Case Study

Invoice Tracker SaaS — Billing System Built with Laravel and Stripe

Invoice Tracker is a lightweight billing SaaS built with Laravel 12, Livewire 3 and Stripe Checkout. This case study focuses on the architectural decisions behind the payment workflow: how invoices, totals and payment states were modeled, and how Stripe webhooks were used to keep the system reliable and synchronized in real time.

Portfolio SaaS demo
Role: Fullstack Laravel Engineer Laravel 12 · Livewire 3 · TailwindCSS · Stripe · MySQL

Overview

Invoice Tracker was designed as a compact SaaS demo focused on a complete billing workflow. The system allows authenticated users to manage clients, create invoices with itemized lines, calculate totals and export invoices as PDF documents. The project was intentionally kept small in scope, but structured around patterns commonly found in real SaaS products.

The main objective was to build a portfolio-ready project that could demonstrate more than a CRUD: it needed to include a real payment flow. For that reason, Stripe Checkout and webhook-based confirmation were integrated so that invoice state could be updated reliably after a successful payment.

System Architecture

Domain Modeling

The billing domain is centered around a simple but clear relationship structure: clients, invoices and invoice items. Each invoice belongs to a client and contains one or more item lines used to calculate subtotal, tax and total. This provided a clean domain model for representing a typical invoicing workflow without unnecessary complexity.

Livewire-Based Interface

Livewire was used to build the main interface for clients and invoices, including index, create, edit and show screens. The goal was to keep the application server-driven while still providing a dynamic user experience. This approach kept the project simple to deploy and SEO-friendly, while avoiding the overhead of a separate SPA frontend.

Payment Integration Layer

Stripe Checkout was integrated as the hosted payment layer for one-time invoice payments. Instead of handling card data directly, the application creates a Checkout Session and redirects the user to Stripe. Metadata is attached to the session so the related invoice can be identified later when Stripe sends the confirmation event.

Webhook Confirmation Flow

Payment confirmation is handled through a dedicated webhook endpoint. When Stripe emits the checkout.session.completed event, the application verifies the request signature and updates the corresponding invoice. This ensures the system does not rely on browser redirects as the source of truth for payment status.

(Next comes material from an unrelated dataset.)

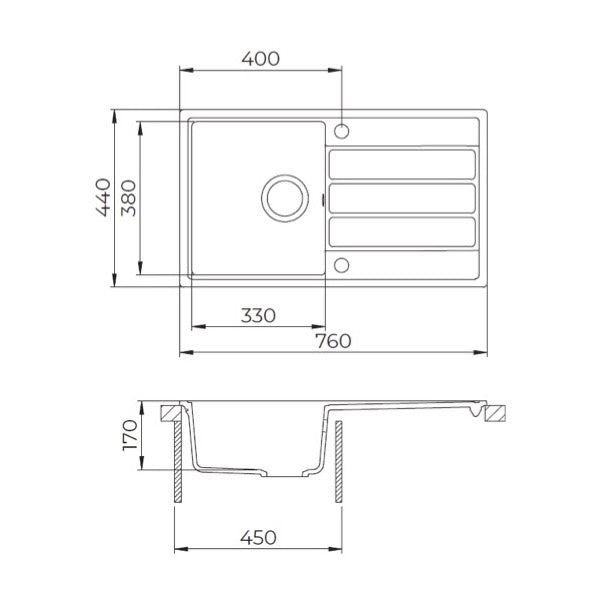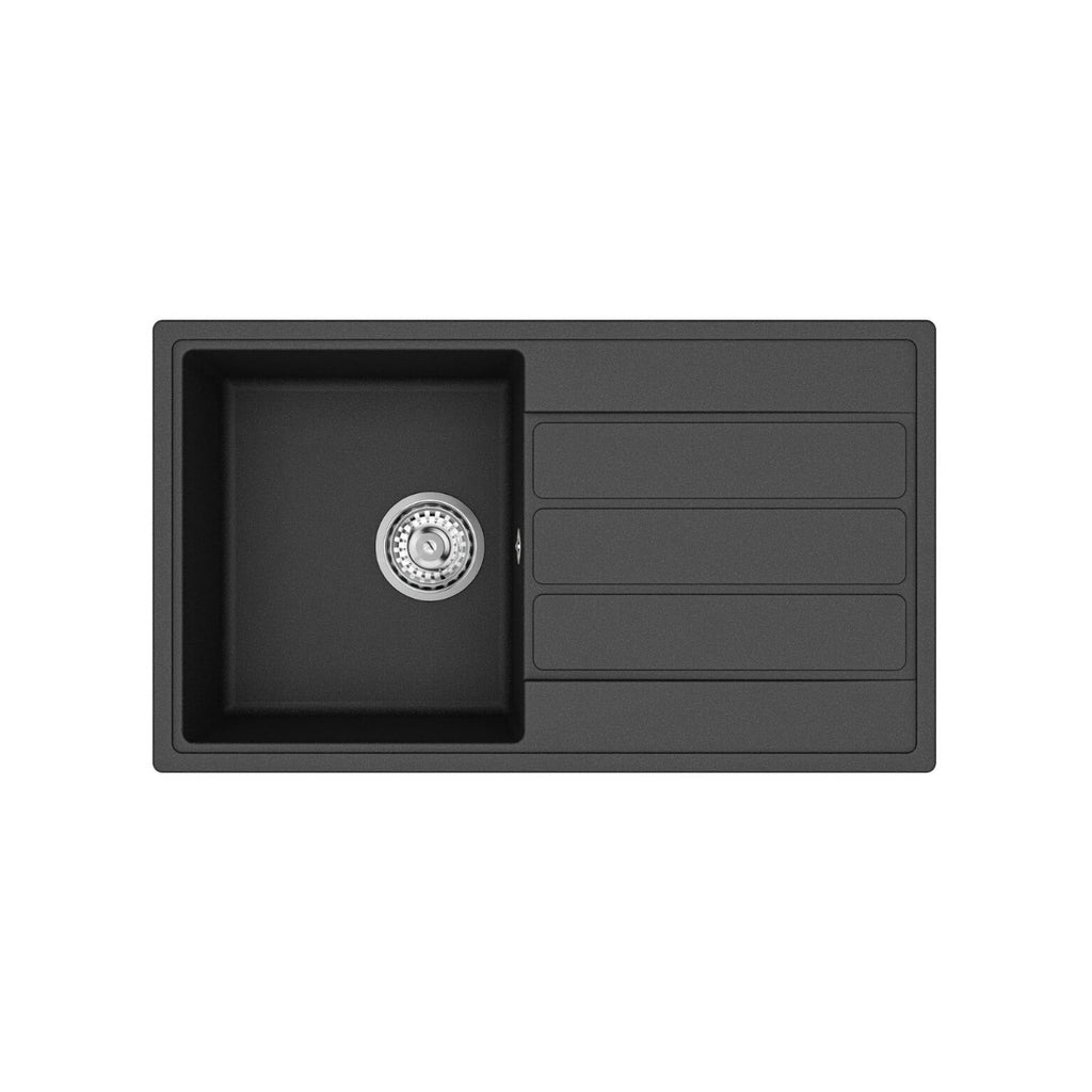 Enojno kuhinjsko pomivalno korito iz umetnega granita (80% kremenčevega peska). Primerno za vgradnjo v omarico širine 45 cm.
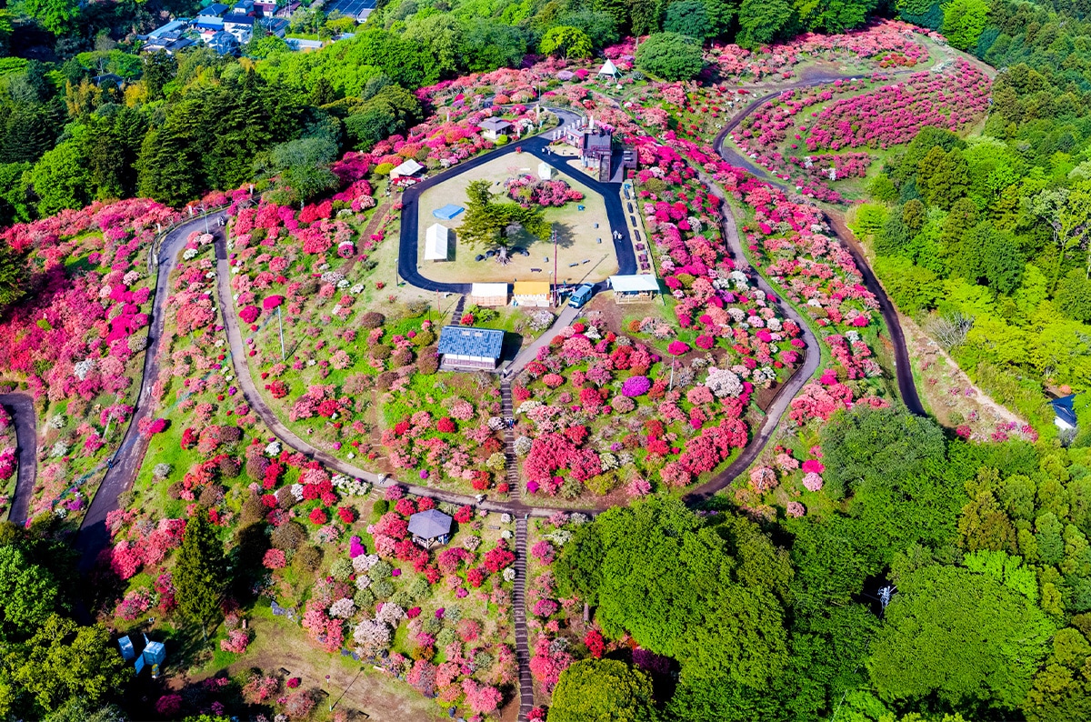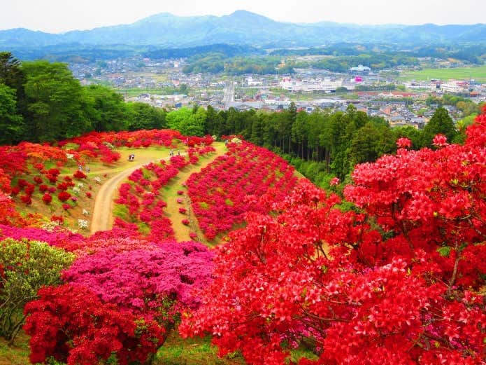 山一面が真っ赤に染まる。「笠間つつじまつり」の圧倒的スケール

Key principle: keep the billing flow simple for the user, but reliable on the backend by separating payment initiation from payment confirmation.

Technical Decisions

  • Stripe Checkout instead of custom payment forms: using Stripe-hosted Checkout reduced complexity and avoided handling sensitive card data directly, while still providing a real billing flow suitable for SaaS products.
  • Webhook-driven payment confirmation: invoice status is not updated from the success page redirect. Instead, the system waits for Stripe’s signed webhook event, which provides a more reliable and production-oriented pattern.
  • Dedicated Stripe controllers: payment initiation and webhook handling were moved out of the routes file into dedicated controllers, keeping routing cleaner and preparing the codebase for future growth.
  • Clear invoice lifecycle states: the project uses explicit statuses such as draft, sent, paid and overdue, allowing the UI and business logic to stay synchronized and easier to reason about.

Payment Workflow

The payment workflow was designed to simulate a realistic SaaS billing experience: the user opens an invoice, reviews its details and initiates payment through a “Pay with Stripe” action. The application creates a Checkout Session on the server and redirects the user to Stripe’s hosted checkout page.

Once payment is completed, Stripe redirects the user back to the application, but the invoice is not considered paid yet. The final update only happens when the webhook endpoint receives and validates the Stripe event. At that point, the invoice status changes to paid, the payment timestamp is stored and the UI updates automatically by hiding the payment button.

This separation between user-facing success screens and backend confirmation mirrors how payment systems are typically implemented in production, where redirects are treated as UX signals, not as the source of truth.

Lessons Learned

Building this project reinforced the importance of reliability in payment workflows. The most relevant lesson was that success pages are not enough: the backend must always rely on signed webhook events to confirm financial actions. It also highlighted how even a small SaaS demo benefits from clear separation between UI, controllers and domain logic.

The project was also useful for practicing a more product-oriented mindset: not just making something work, but making it behave like a real billing system with consistent statuses, clear user feedback and predictable flows.

Future Improvements

Future iterations could include storing Stripe session identifiers and payment intent references, adding a dedicated payment history section and introducing more robust reporting inside the dashboard. It would also make sense to harden the billing layer further for production by refining logging, retry handling and deployment configuration for live Stripe environments.